Annabell Lamb was then called as an alibi witness and she testified that during the time of the robbery the alleged robbers were at a party in the apartment of Edith Hodge on the third floor of 3839 West 19th Street in Chicago. Edith Hodge, sitting in the rear of the courtroom undertook to assist the faltering witness. She vigorously shook her head indicating "no" and raised her hand indicating "one" with her finger. Plaintiff in error insists that the judge completely misunderstood her gestures; that she was talking with her sister "nodding and shaking her head" and that this was a customary habit. She does not deny that she raised her hand indicating "one" with her finger. It is significant that simultaneous with these gesticulations Annabell remembered that the party was in the first floor apartment rather than on the third floor. Furthermore, she admitted *427 that she was prompted to change her testimony because of the suggestive head and hand gestures.
Washington and Jackson, the defendants on trial, were both found guilty by the court. Judge Canel did not believe the alibi witnesses. The plaintiff in error cannot excuse her contemptuous conduct by her failure to produce a miscarriage of justice. If the judge's findings have any weight, Edith Hodge testified falsely and she undertook to improve the testimony of Annabell, who was also committing perjury.
No doubt the action of Edith Hodge was calculated to obstruct the due administration of justice. She was brazenly and flagrantly, by her gestures, seeking to mislead the court which was searching for the truth. We concur in the trial court's determination that such conduct is direct and open contempt and commands reasonable punishment. People v. Goss, 10 Ill. 2d 533.

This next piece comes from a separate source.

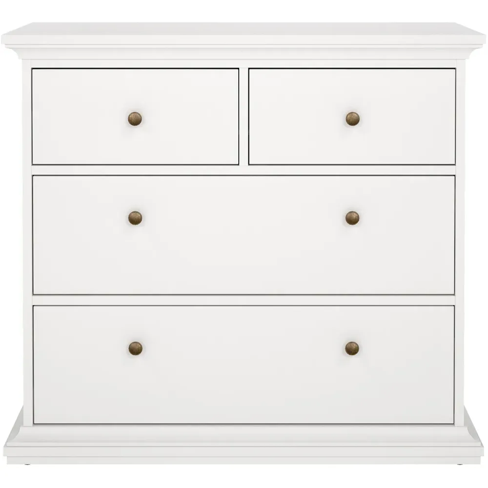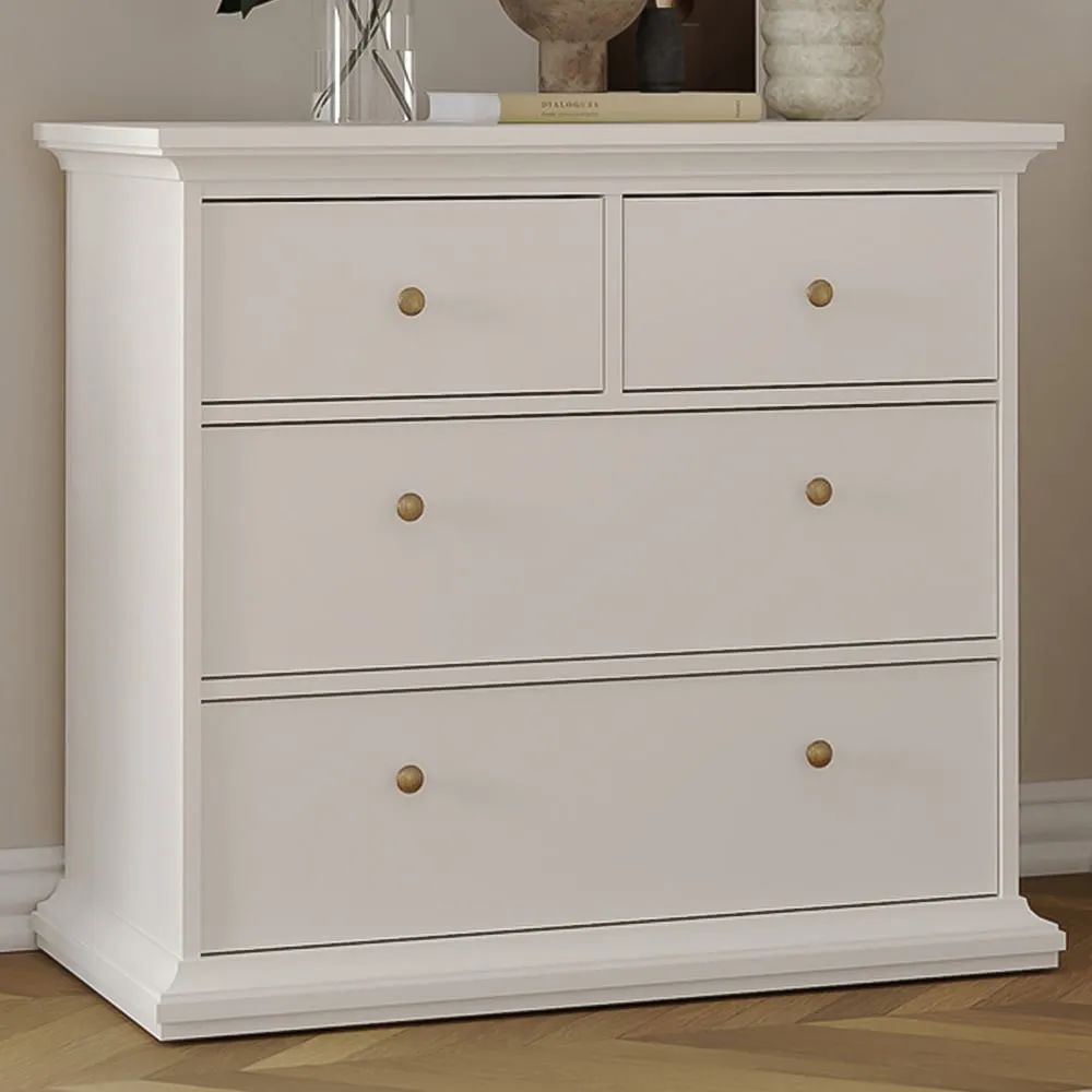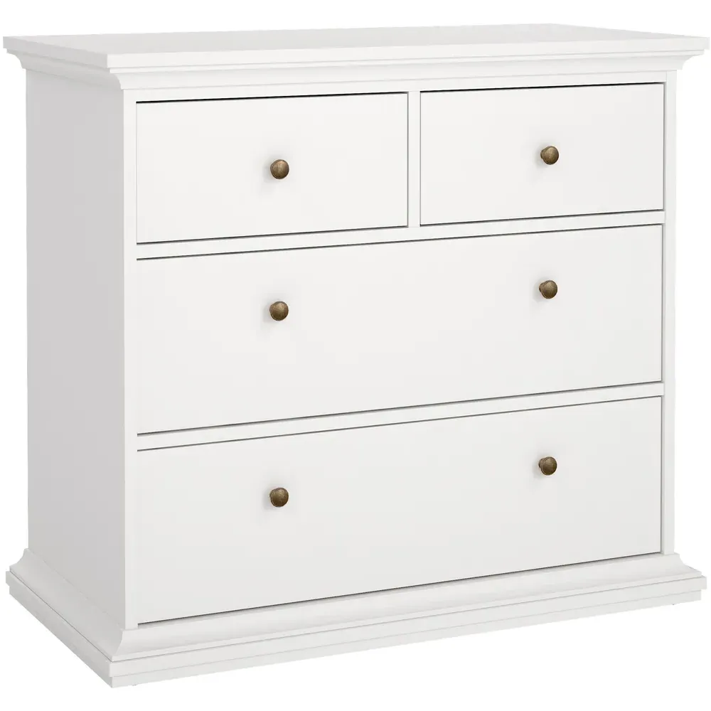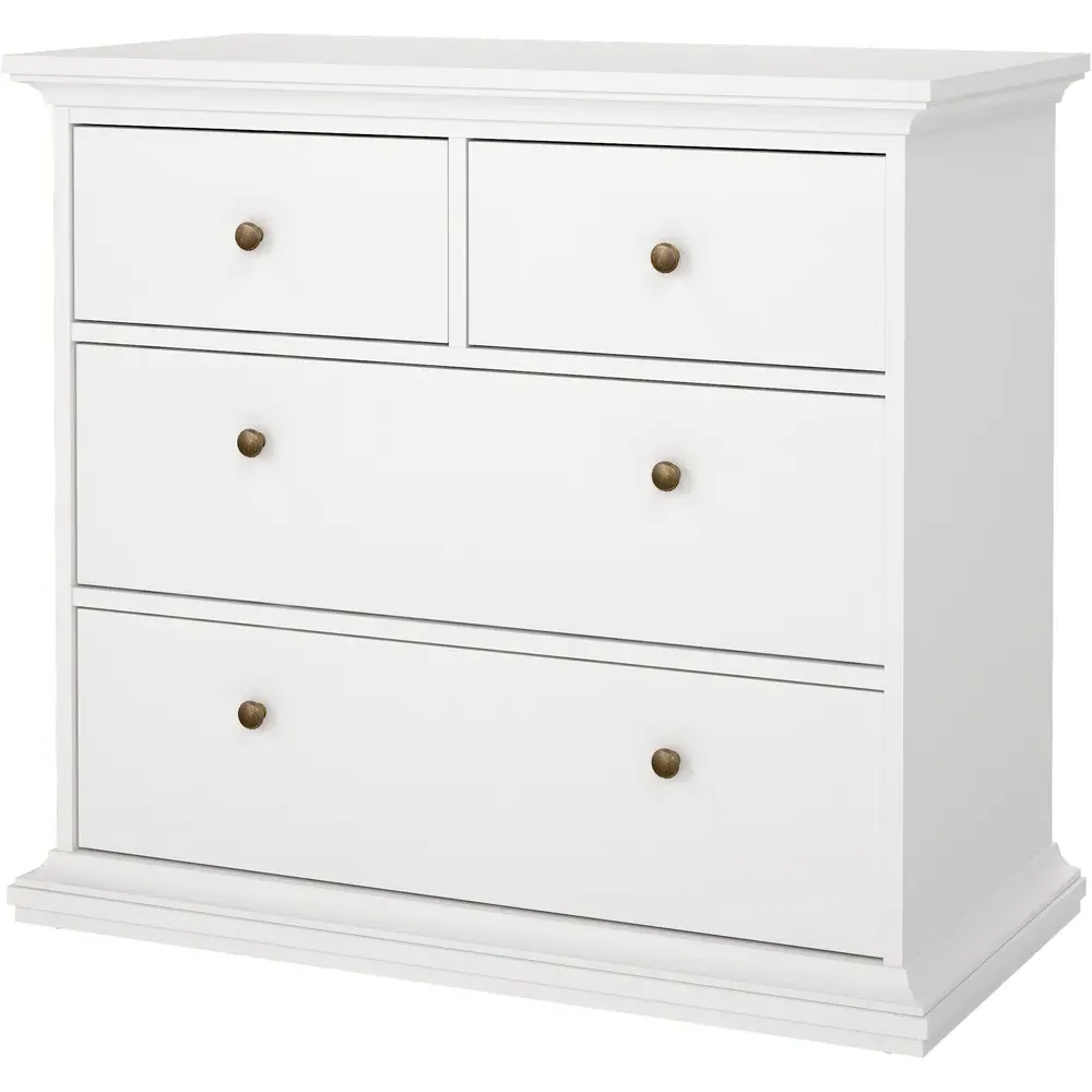 Make a beautiful addition to your home interior with this Paris Bedside Table by Florence. With its romantic style, sophisticated look and beautiful classic feel this bedside table can uplift your bedroom decor. This bedside table features two drawers with easy gliding drawer runners, which are easy to use and offer sufficient storage space to arrange your essentials. Made from high-quality laminated board, this stylish and timeless white-coloured bedside table can enhance your bedroom.

The record shows that Edith Hodge remained in the Cook County jail from February 27, 1961 to June 20th, when she was released from custody on her own recognizance pending disposition of this case. We are of the opinion that the sentence imposed upon her was excessive and since we have the power to remedy the same, we do so by reducing the punishment to the number of days she has already served. Ash-Madden-Rae Co. v. International Ladies Garment Workers' Union, 290 Ill. 301.
Plaintiff in error discharged.NOTES
[*] This opinion was prepared by the late Mr. CHIEF JUSTICE BRISTOW and is adopted and filed as the opinion of the court.